On the tribonacci constant $T$ and $4\arctan\left(\frac1{\sqrt{T^3}}\right)+\arctan\Big(\frac1{\sqrt{(2T+1)^4-1}}\Big)=\frac{\pi}2$

Question

We have,

$$4\arctan\left(\frac1{\sqrt{\phi^3}}\right)\color{red}-\arctan\left(\frac1{\sqrt{\phi^6-1}}\right)=\frac{\pi}2$$

$$4\arctan\left(\frac1{\sqrt{T^3}}\right)\color{blue}+\arctan\left(\frac1{\sqrt{(2T+1)^4-1}}\right)=\frac{\pi}2$$

with golden ratio $\phi$ and tribonacci constant $T$.

Note that,

$$\begin{aligned}\left(\sqrt{\phi^3}+i\right)^4\left(\sqrt{\phi^6-1}\color{red}-i\right)&=(\phi^3+1)^2\sqrt{-\phi^6}\\ \left(\sqrt{T^3}+i\right)^4\left(\sqrt{(2T+1)^4-1}\color{blue}+i\right)&=(T^3+1)^2\sqrt{-(2T+1)^4}\end{aligned}$$

The first one is from this post, while the second is from a session with Mathematica.

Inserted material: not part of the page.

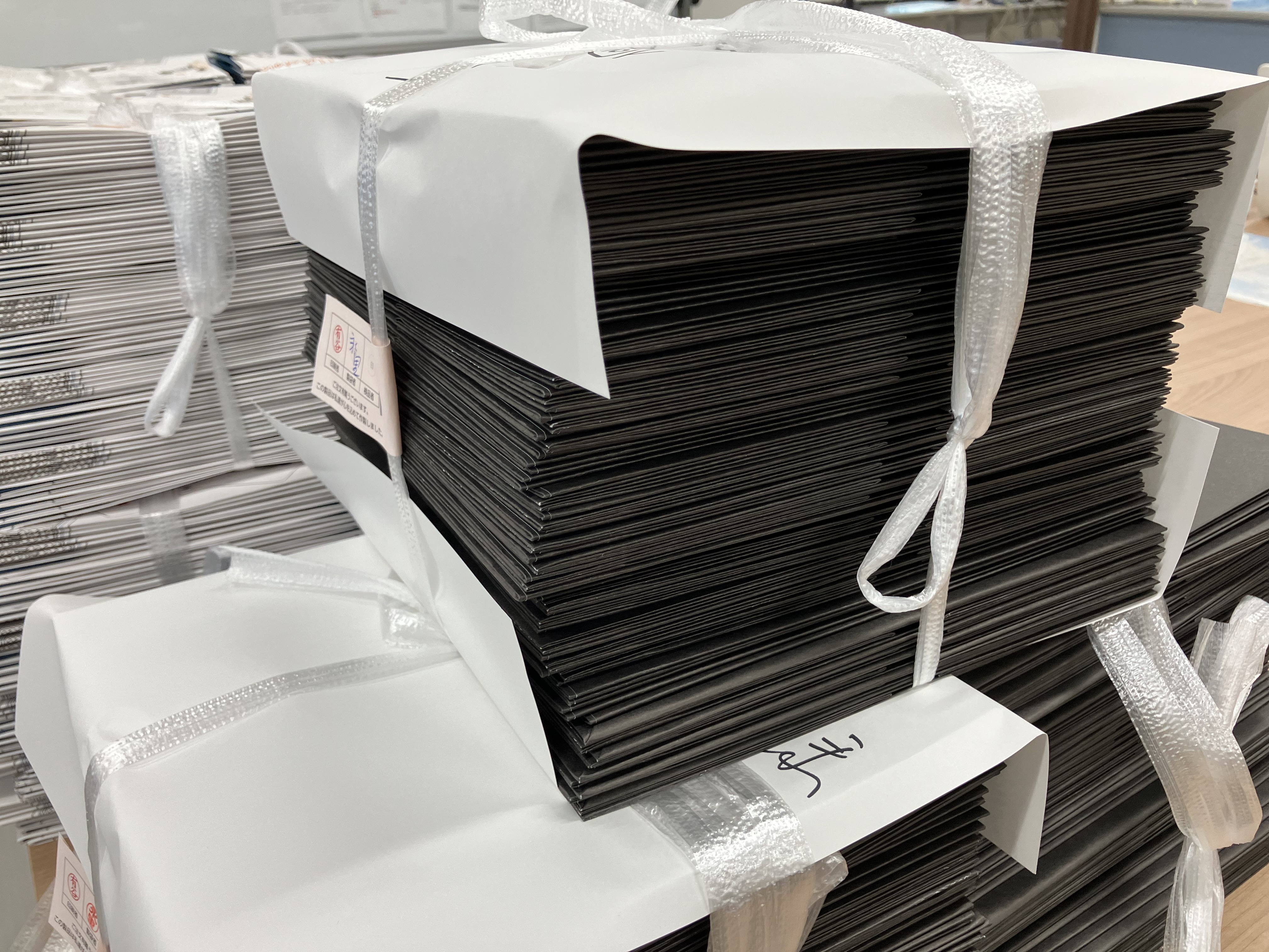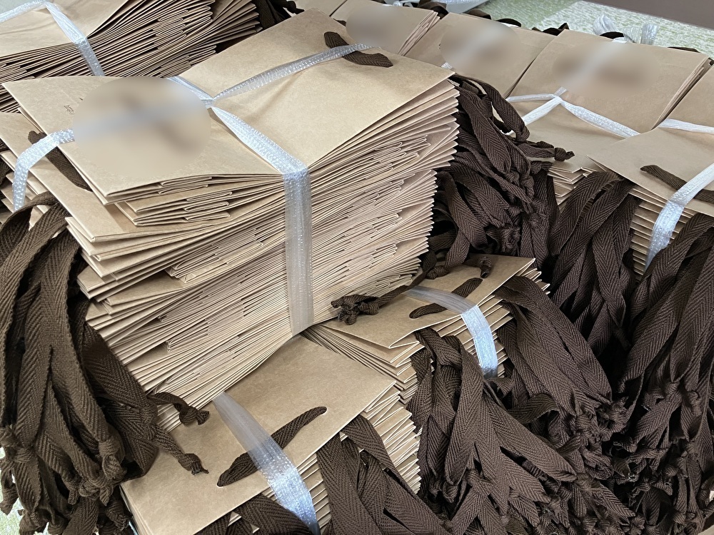 こんにちは!まっつんです 朝晩まだ肌寒さがのこるこの季節ですが今日から3日間ほど全国的に暑い5月になりそうですね。 九州は週末から天気が下り坂☔ 紙は湿度管理がとても重要です。 湿度の変化によって伸び縮みし、品質や耐久性に影響を受けます。湿度が高すぎると紙が波打ったり、乾燥するとパリパリになります💦 湿度管理には、除湿機や加湿器を使ったり、保管場所を風通しのよい場所にしたりと常にベストな状態を保てるよう品質管理に努めます! 今日も作業場にはたくさんの手提げ袋がならんでいますよ♪

However, I'm having a little trouble with the tetranacci constant.

Q: What would be analogous formulas using the tetranacci constant (and higher)?

Answer 1

This is NOT AN ANSWER, but an identity that might help.

In general, if $\psi\gt 1.8$, we have that $$4\arctan(\psi^{-3/2})+\arctan\bigg(\frac{1}{\sqrt{\beta-1}}\bigg)=\frac{\pi}{2} \tag{i}$$ where $$\beta=\frac{(\psi^3+1)^4}{(\psi^6-6\psi^3+1)^2}=\bigg(1+\frac{8\psi^3}{\psi^6-6\psi^3+1}\bigg)^2 \tag{ii}$$

Notice that (ii) suggests that no "nice simplifications" like in your two examples will be possible for $n$-fibonacci constants with $n\gt 24$, since if the expression $$\frac{(\psi^3+1)^4}{(\psi^6-6\psi^3+1)^2}$$ were rewritten as a rational function of $\psi$ whose numerator and denominator had smaller degree, then that would provide a polynomial equation for $\psi$ of degree under $24$. Thus, your problem has no nice solution for $n\gt 24$, but I suspect that one for $n=4$ or $n=5$ might be obtainable (if you have the force of will to make yourself go through all of the messy algebra, or ask a computer to do it for you).